How to create mass amounts of test data in elasticsearch / Kibana

0

I need to test some logic I have written in Kibana (Vega scripts). For this I require quite a bit of data to generate the graphs. I am currently doing this manually with statements such as:

post /metrics-hardware-xxx/_doc {"@timestamp":"2023-03-11T15:00", "system_Status": 1 }
post /metrics-hardware-xxx/_doc {"@timestamp":"2023-03-11T15:01", "system_Status": 1 }
post /metrics-hardware-xxx/_doc {"@timestamp":"2023-03-11T15:02", "system_Status": 0 }

BUt I would like to have some kind of for loop where I can loop through timestamps 1 per minute over several days and assign a random system status either 0,1,2.

Is this possible in Elastic?

It is straightforward with a stored procedure in most sql DBs, but I am not sure where to start , and seems there is not much info on the web.

Hi @shelby,

There's not a capability to add a large volume of test data directly in Elasticsearch aside from the _bulk upload endpoint with generated data. Since you want data in a specific format the demo sets available on the Kibana home page will not be what you're looking for.

But there are several ways you could automate the ingestion of data volume using other sources. Have you considered either:

  1. Writing a script in a programming language your comfortable with such as Python and then push the data using the Elasticsearch client for that language?
  2. Using Logstash to ingest data from a file or DB (if you have another source) into Elasticsearch?
  3. Making use of a community project such as elasticsearch-sample-data-generator. Just a warning that project hasn't been updated since 2021 so you need to consider if the version of Elasticsearch you are running is compatible with that version.
  4. Using a JSON generator and uploading the data, similar to the steps (in this post)[How to create sample data to perform searches using elastic search? - DevOpsSchool.com]

Do any of those options work for you?

2 Likes

Hello, many thanks for hte follow-up, yes I am currently experimenting with _bulk using curl. This is an excellent option for my case.

1 Like

Hello, I have some follow-up questions, I am still trying to get bulk insertion to work, and I am now testingthe elasticsearch c# client.

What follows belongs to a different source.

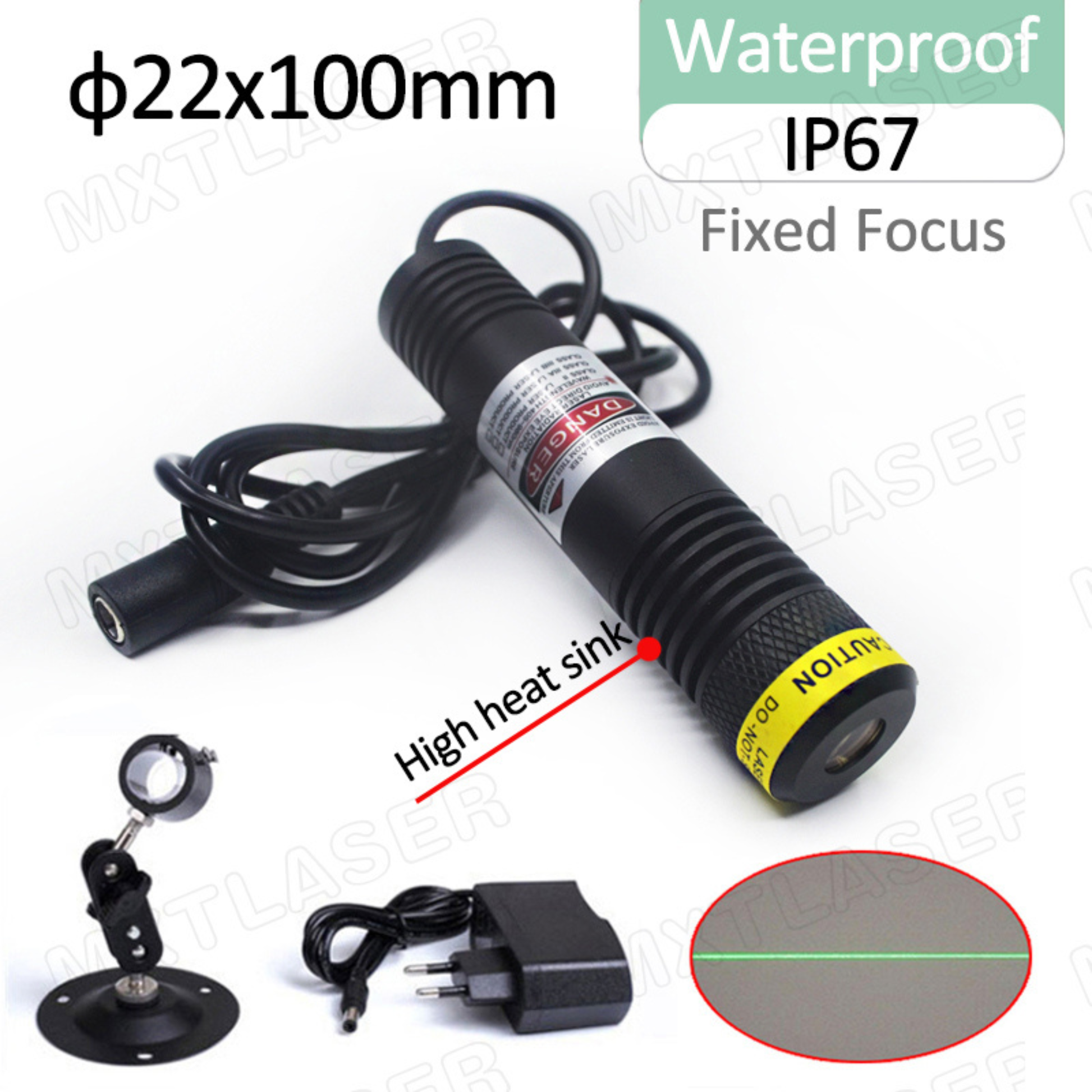 The laser module projects a sharp, crisp line up to 40 feet long projected at a 90-degree angle. You can mount it either low or high, and the length of the line is determined by the mounting angle.

I copied the very simple example in the doc:

var settings = new ElasticsearchClientSettings(new Uri(ELASTIC_URI))
.Authentication(new BasicAuthentication(USER, PWD));
var client = new ElasticsearchClient(settings);
var response = await client.CountAsync();
Console.WriteLine($"success={response.IsSuccess()} : {response.DebugInformation}");

However I am having connectivity issues.

  1. whether or not I use he correct USER/PWD combination, I always get the same error message:

Request stream not captured or already read to completion by serializer. Set DisableDirectStreaming() on TransportConfiguration to force it to be set on the response.>

Response:

{"statusCode":404,"error":"Not Found","message":"Not Found"}

  1. I am not sure what I should use for elastic_URI, particularly for the PORT settings:

I have xxxx.yy.zz.aws.elastic-cloud.com:9243

is the port setting correct? where can I find the URI? is it the same one that I use in the DEV Console elasticsearch? Do I need a "/" at the end?

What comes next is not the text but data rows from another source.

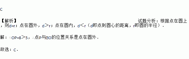 C 【解析】试题分析:根据点在圆上,则d=r;点在圆外,d>r;点在圆内,d<r(d即点到圆心的距离,r即圆的半径). 【解析】 ∵OP=8>5,∴点P与⊙O的位置关系是点在圆外. 故选:C.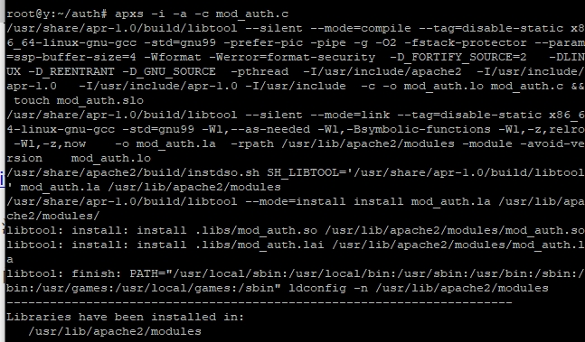 >apxs -i -a -c mod_auth.c && service apache2 restart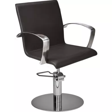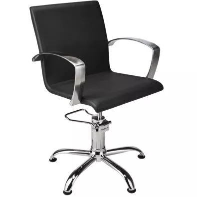 Fotel fryzjerski PARTNER, to mebel w bardzo klasycznej formie. Prosty kształt siedziska i srebrne, aluminiowe podłokietniki o ciekawym kształcie, to bardzo eleganckie zestawienie. Fotel dzięki swoim niedużym gabarytom, bardzo chętnie kupowany jest przez szkoły i centra szkoleniowe. Ważna informacja – podłokietniki aluminiowe z czasem mogą matowieć, ale nie ma się czego obawiać, wystarczy od czasu do czasu użyć delikatnej pasty polerskiej do czyszczenia i przetrzeć je energicznie miękką szmatką.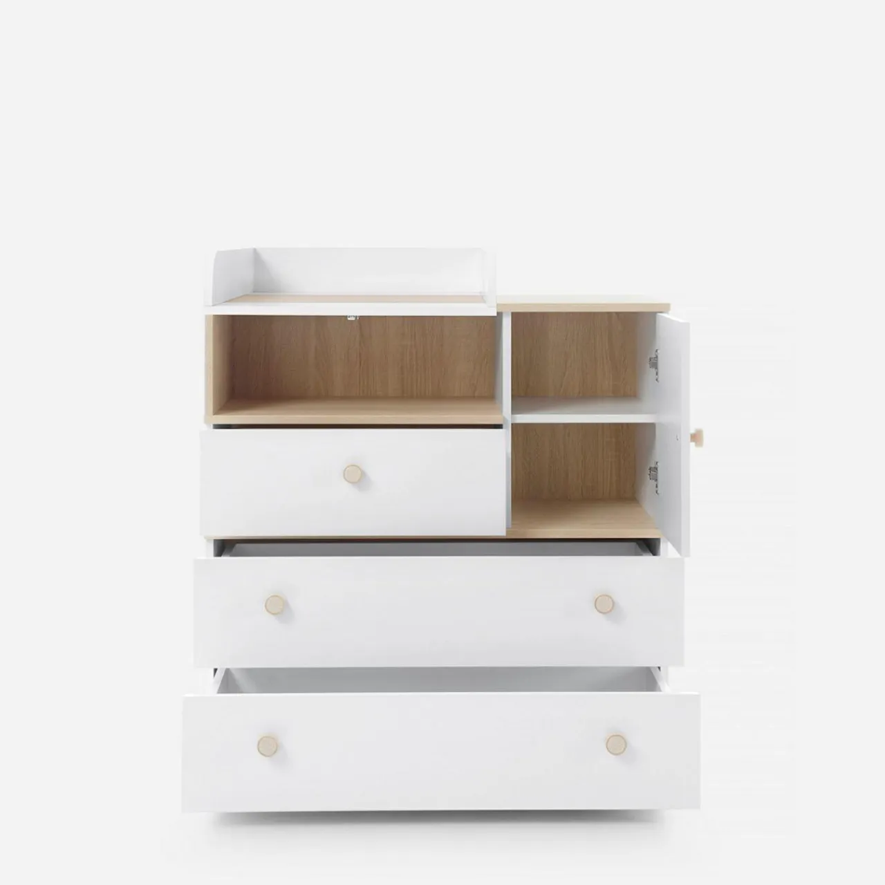 - Wysokie ramy przewijaka tworzą bezpieczną przestrzeń dla dziecka.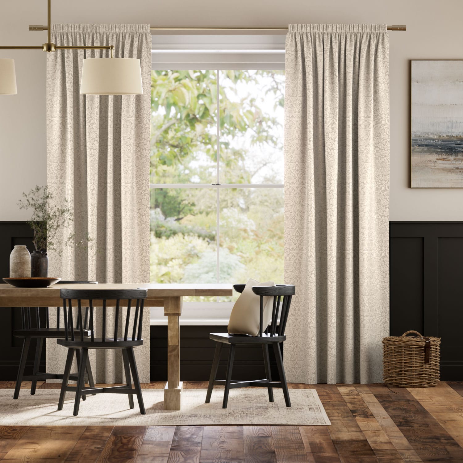 ソフトゴールドの淡いオレンジの色合い、複雑なディテールと愛らしいモチーフ、ジャガード織の上品な質感が調和したカーテンは、伝統のアーツ・アンド・クラフツデザインの美をより身近に感じていただけるでしょう。寝室やリビング、和室洋室問わず、伝統建築から近代インテリアまで幅広くコーディネートいただけます。

Most of the info on the webthat I found show examples where people are working with a local elastic installation and the port seems to always be 9200, so I am not sure of the url:port combination for a cloud setup.

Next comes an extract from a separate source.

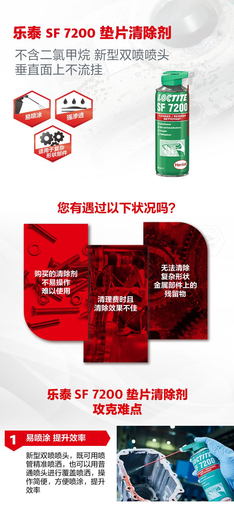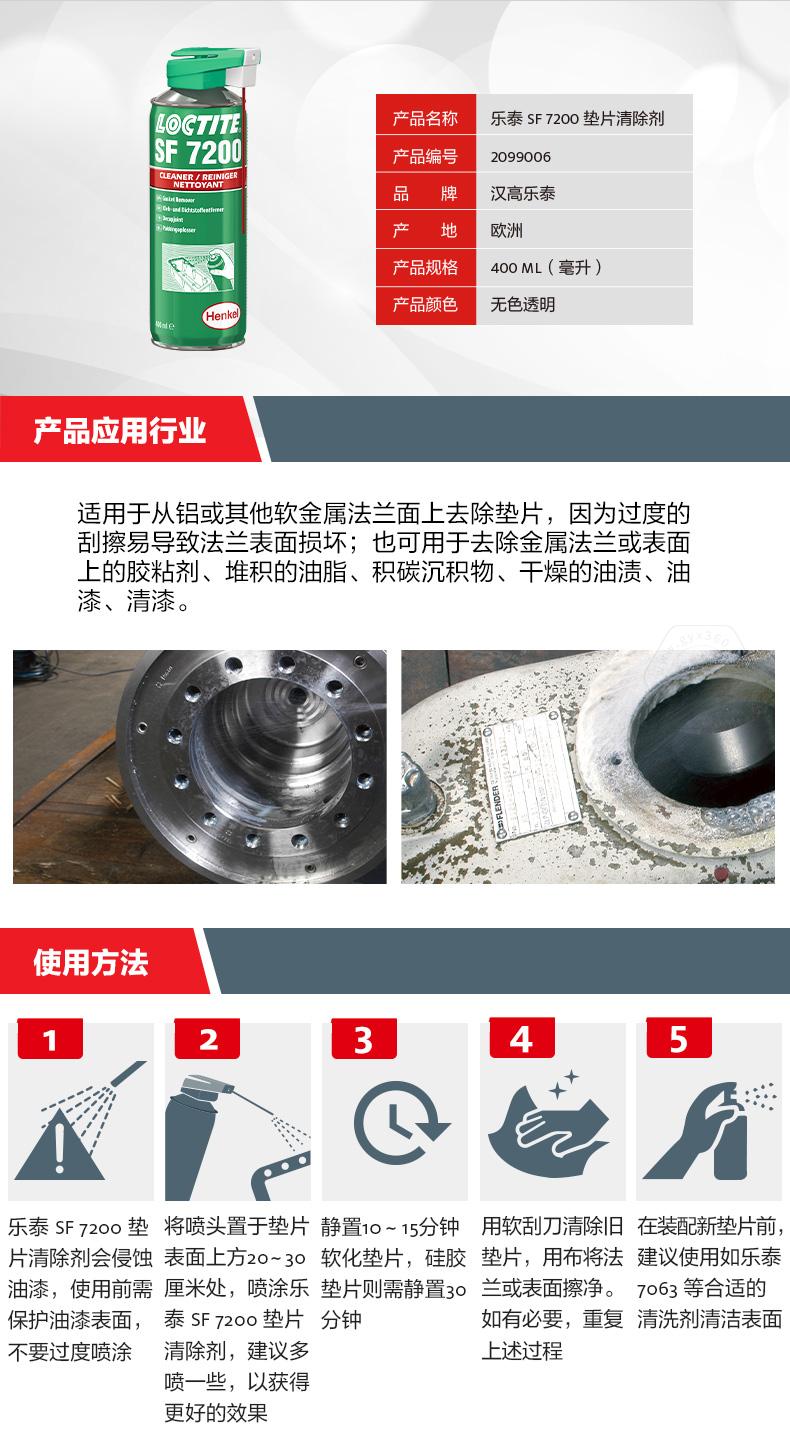 樂泰SF7200墊片清除劑主打易噴涂、強(qiáng)滲透和適用于復(fù)雜形狀部件。樂泰SF7200墊片清除劑采用新型雙噴噴頭,既可用噴管精準(zhǔn)噴灑,也可用普通噴頭覆蓋噴灑,垂直面上不流掛,操作更方便。樂泰SF7200墊片清除劑不含二氯甲烷,可快速去除污垢,節(jié)約工時(shí),降低成本。樂泰SF7200墊片清除劑適用于從鋁或其他軟金屬法蘭面上去除墊片,也可用于清除膠粘劑、油脂、積碳、干燥油漆和清漆殘留。

  1. I also spent quite a bit of time trying to connect using the certificate fingerprint which I generated with openssl according to the online documentation, I have similar issues there (I can try again and post more details on that as well).

Any help is much appreciated, it is quite important or us to be able to manipulate the data remotely in bulk.

Hi @shelby ,

Your URL should be a combination of your Elasticsearch URL and port separated by a colon. You can copy the base URL from the Cloud home screen as shown in the below screenshot:

Just like local installations, port 9200 should be used for API calls for a cloud deployment. So for example with copied URL https://my-deployment.com, you need to specify https://my-deployment.com:9200.

Hope that helps! Do let me know how you get on.

Hello,
thanks again for your follow-up.

Indeed, it seems the port and uri was the issue, however I was not able to get the endpoint to work. I was able to get the authentication working and I am now able to connect using the CLOUD_ID and user/pwd.

If anyone else has the issue here is my code:

 var authentication = new BasicAuthentication(USER, PWD);
        var client = new ElasticsearchClient(CLOUD_ID,authentication);
        var response = await client.CountAsync();

I will start experimentingwith the API which looks very powerful, I expect to easily be able to bulk insert in a flexible way.

1 Like

This topic was automatically closed 28 days after the last reply. New replies are no longer allowed.